A verbatim transcript of the data below is required, images omitted.

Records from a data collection
_ _ _ _
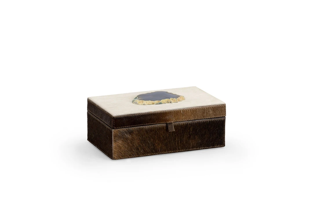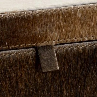 Brown And Cream Hair On Hide, Natural Gray Agate Embellishment, Black Faux Suede Liner
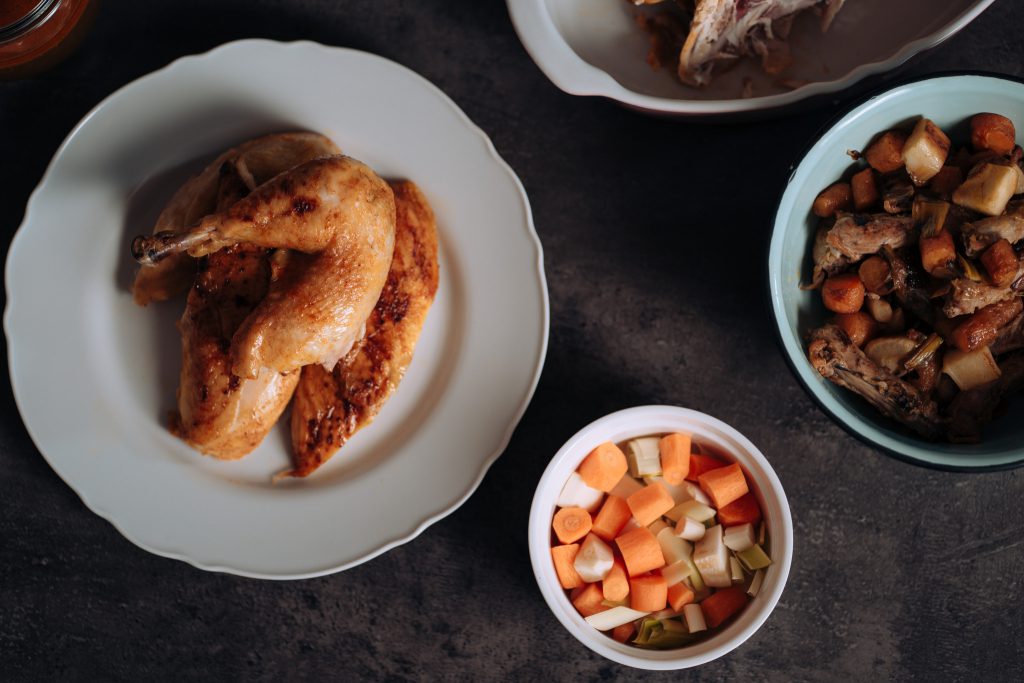 Vyskládáme si tedy vše, co nám tu vzniklo: do krabičky krásné zlatavé šťavnaté kuřecí maso, do sklenice hutný sos a pak do petky od kojenecké vody ještě navrch vývar na parádní polévku nebo risotto. Takhle jsme z počátečních pár surovin vytěžili absolutní maximum.
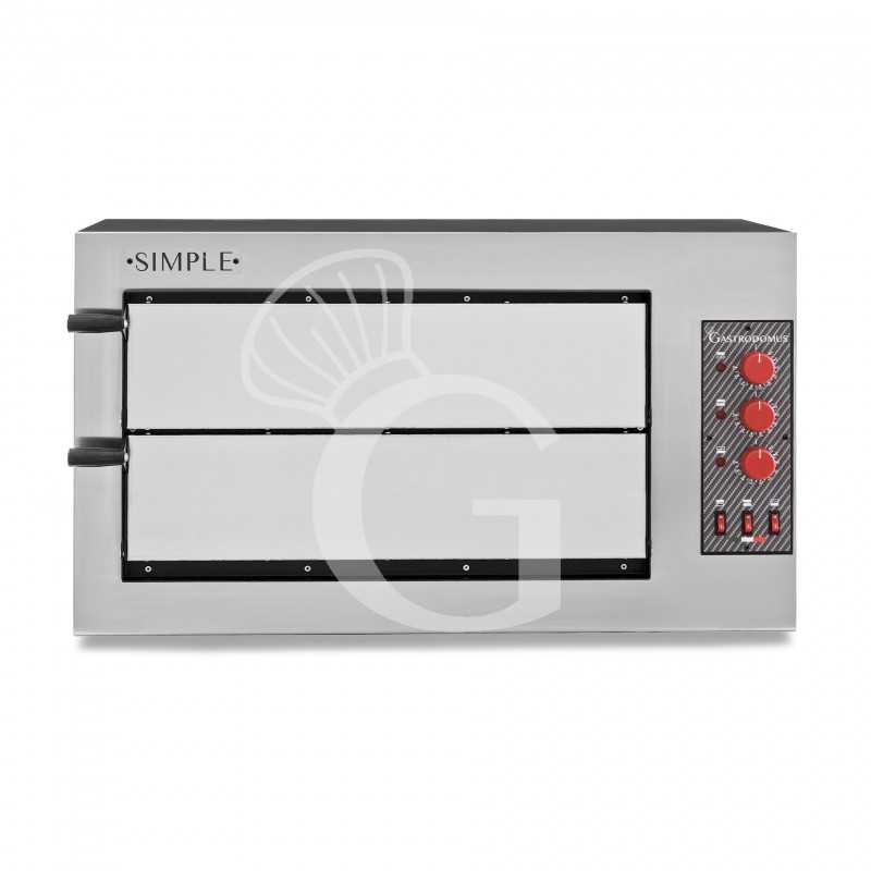 Horno pequeño eléctrico 2 Pizzas diámetro 450 MM 2 Cámaras Control mecánico Temperatura 455°C potencia 7,5 Kw
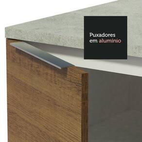 Possui puxadores slim em alumínio, gavetas com corrediças telescópicas, portas com amortecimento para fechamento suave. Além disso, os pés são reguláveis em PVC, com rodapé removível de MDP.
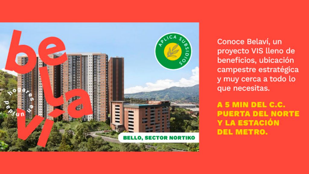 Así nace Belaví Hogares en unidad, un proyecto VIS con una ubicación estratégica en el sector Nortiko: a solo 5 min del Centro Comercial Puerta del Norte y la estación del metro Niquia, además está muy cerca a municipios turísticos de la región.
_ _ _ _
TASK OUTPUT —
 Brown And Cream Hair On Hide, Natural Gray Agate Embellishment, Black Faux Suede Liner
 Vyskládáme si tedy vše, co nám tu vzniklo: do krabičky krásné zlatavé šťavnaté kuřecí maso, do sklenice hutný sos a pak do petky od kojenecké vody ještě navrch vývar na parádní polévku nebo risotto. Takhle jsme z počátečních pár surovin vytěžili absolutní maximum.
 Horno pequeño eléctrico 2 Pizzas diámetro 450 MM 2 Cámaras Control mecánico Temperatura 455°C potencia 7,5 Kw
 Possui puxadores slim em alumínio, gavetas com corrediças telescópicas, portas com amortecimento para fechamento suave. Além disso, os pés são reguláveis em PVC, com rodapé removível de MDP.
 Así nace Belaví Hogares en unidad, un proyecto VIS con una ubicación estratégica en el sector Nortiko: a solo 5 min del Centro Comercial Puerta del Norte y la estación del metro Niquia, además está muy cerca a municipios turísticos de la región.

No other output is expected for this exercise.